Deliberate exclusions / future work: the post names "AI-assisted production operations" (restores, prod queries, config updates) as the next phase once data + context + guardrails are unified — i.e. mutating actions are still human-driven at article time.
Operational numbers¶
- Fleet: "thousands of database instances" across "hundreds of cloud regions", "every major cloud" (3 clouds), "eight regulatory domains".
- Latency impact: up to 90% reduction in time engineers spend on investigation steps.
- Onboarding impact: new hires with zero context can start a DB investigation in under 5 minutes — previously "nearly impossible".
- Journey length: hackathon (2 days) → v1 static SOP (rejected) → v2 anomaly detection (partial) → v3 chat assistant (breakthrough); multi-iteration, user-feedback-driven.
Systems / concepts / patterns extracted¶
- systems/storex — Databricks' internal AI-agent platform for database debugging; central-first sharded architecture + DsPy-inspired tool framework + snapshot-replay validation.
- systems/dspy — open-source framework for programmatic LLM-prompt construction; inspiration for Storex's prompt/tool decoupling.
- systems/mlflow — Databricks-originated ML lifecycle platform; source of the prompt-optimization tech and "LLM judges" primitive Storex validates against.
- systems/grafana — open-source metrics dashboard; one of the four fragmented tools Storex subsumes.
- systems/mysql — the primary database whose investigation workflow drove Storex's v1 scope.
- concepts/llm-as-judge — pattern of using a separate LLM to score another LLM's output on a rubric; primary regression signal for non-deterministic agents.

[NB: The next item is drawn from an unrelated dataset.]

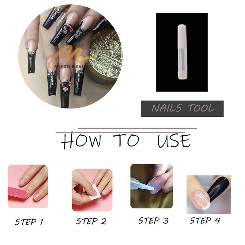 3.Select a right size of the nail, apply the glue to the back of the nail and put it on your fingernails.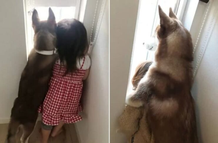 2歳の子どもとシベリアン・ハスキーの成長を比較した写真が話題に。4カ月でハスキーが大きく成長。

- concepts/central-first-sharded-architecture — global coordinator + regional shards, keeping sensitive/regulated data local while presenting one interface.

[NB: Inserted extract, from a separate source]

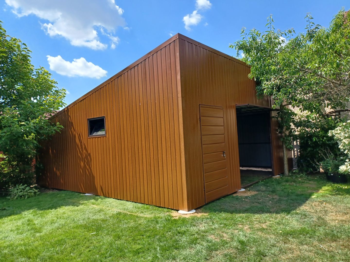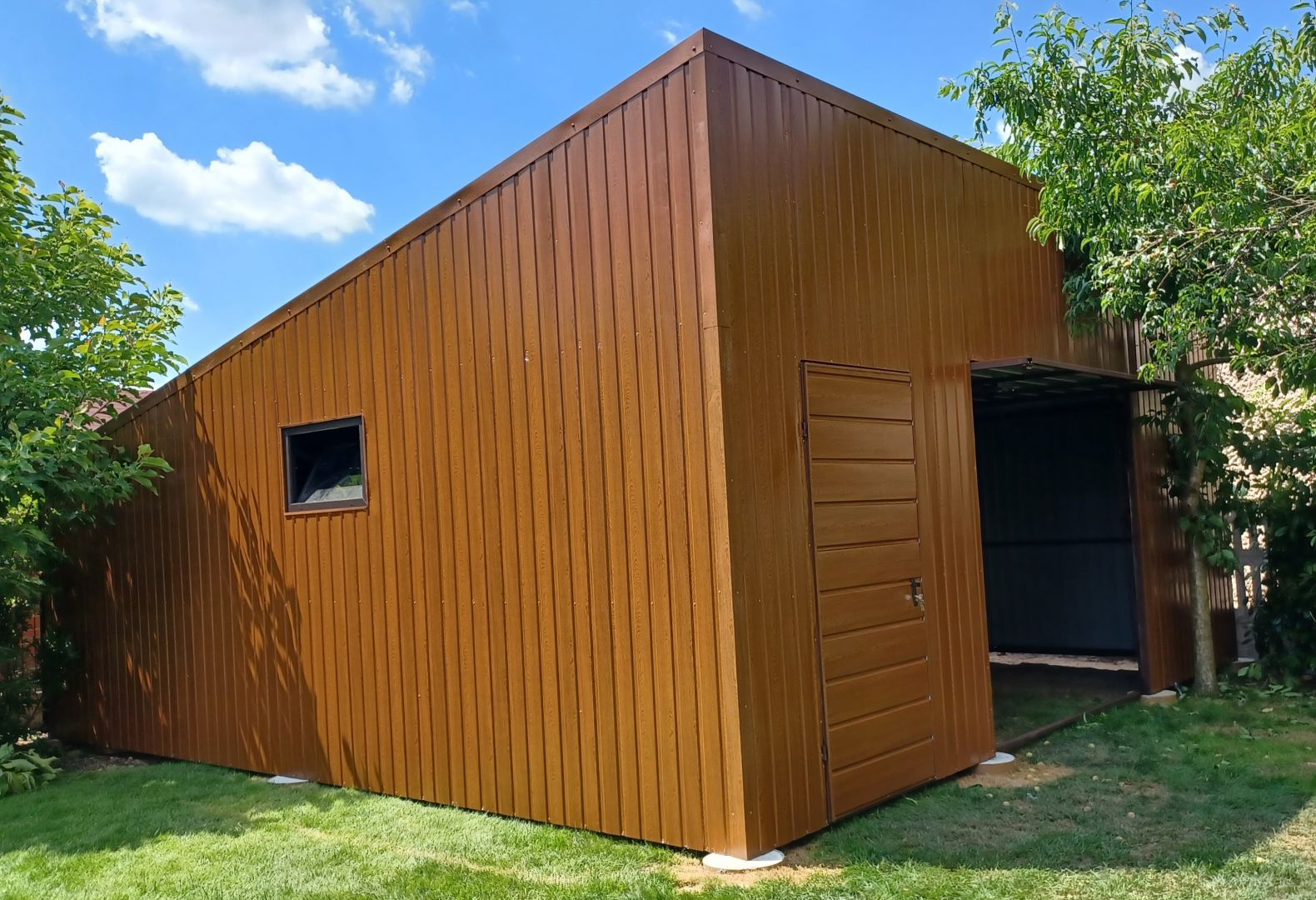 GARAŻ BLASZANY DREWNOPODOBNY - jednospadowy w kolorze "ZŁOTY DĄB " (ładna imitacja drewna ) o wymiarach : 7 x 7m

- concepts/observability — updated with the "agent-assisted debugging" layer above metrics/logs/traces.
- patterns/tool-decoupled-agent-framework — define tools as ordinary code + docstrings, let the LLM infer I/O from signatures; decouples prompt iteration from tool iteration.
- patterns/snapshot-replay-agent-evaluation — capture production-state snapshots, replay through candidate agent configs, judge-LLM-score outputs.

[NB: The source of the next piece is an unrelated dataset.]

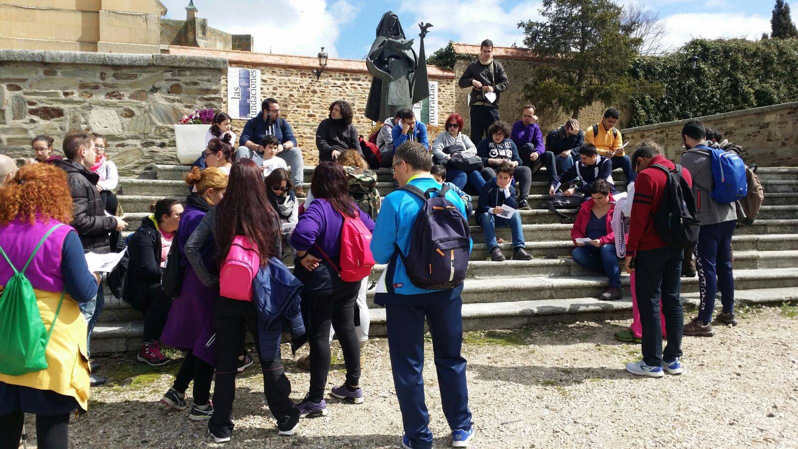 Más de cuarenta peregrinos participaron el sábado 14 de abril en el JUBILEO TERESIANO DE LAS COFRADÍAS, una jornada marcada por la fraternidad entre los participantes, miembros de diversas hermandades de nuestra diócesis. A las 9.30 h, junto al sitio histórico de los Arapiles, un grupo de treinta y ocho emprendía su “Camino pascual con Teresa de Jesús… Resucitado”, realizando tres paradas en las que se recorrió el relato de Emaús completado por textos de Teresa. La vía verde, a lo largo de una quincena de kilómetros, era escenario de animadas conversaciones entre praderas y encinares en una espléndida mañana. La meta, el Sepulcro de La Santa en Alba de Tormes, se alcanzaba poco antes del comienzo de la Misa del Peregrino, presidida por Florentino Gutiérrez, Vicario General de la Diócesis, y concelebrada por uno de los párrocos de la villa y los capellanes de Jesús Flagelado, Oración en el Huerto, Silencio y Vera Cruz de la capital salmantina. Asistió un notable grupo de cofrades albenses, encargados de proclamar las lecturas y moniciones. Don Florentino, en su homilía, planteó que la renovación de la pastoral cofrade hallaría buenos cimientos en la reforma teresiana: la oración, la Eucaristía, los hermanos. Acabada la Misa, en la que los fieles pudieron obtener la indulgencia plenaria conforme a las condiciones habituales, se dio a venerar una reliquia de Santa Teresa. Una apetitosa paella permitía a los caminantes recuperar fuerzas, antes de visitar el Museo Carmus guiados por fray Miguel Ángel, prior de los carmelitas descalzos albenses, que se mostró muy entusiasta de la religiosidad popular, explicando además que esa afinidad la demostraron Teresa y Juan de la Cruz. A las 18.30 h se emprendía regreso a Salamanca, compartiendo la sensación de que la jornada jubilar había logrado su propósito y de que iniciativas similares pueden contribuir a seguir estrechando lazos entre los cofrades salmantinos.

- patterns/specialized-agent-decomposition — per-domain agents collaborating on a root-cause analysis, vs. one mega-agent carrying every tool.
- patterns/hackathon-to-platform — small unpolished prototype proves value → org invests → platform follows user feedback, not a multi-quarter spec.
Caveats¶
- Vendor-authored narrative. Databricks publishes MLflow + DsPy + Databricks Data Intelligence Platform as products; the post explicitly ties Storex's internal framework to those product primitives. Treat claims of novelty carefully — the pattern of "DsPy-style tool decoupling + judge LLMs" is not exclusive to Databricks.
- "Up to 90% reduction" is qualified ("individual steps that once required switching..."). No underlying distribution, no before/after SLO math, no control group. Plausible but uncalibrated.
- "Under 5 minutes to jump-start a DB investigation" is a testimonial-grade claim, not a measured TTFB-equivalent metric.
- Mutating actions (restores, production queries, config updates) are explicitly future work. The article describes a read-heavy debugging agent; the safety story for write-path agent actions is deferred.
- No latency numbers for the agent loop itself (how long from NL question → diagnostic report). Everything is reported as engineer-time saved, not agent compute cost.
- Tier-3 source. Ingested because the post does cover architectural substance (central-first sharding, tool/prompt decoupling, snapshot-replay eval) despite the heavy marketing framing around "Databricks Data Intelligence Platform".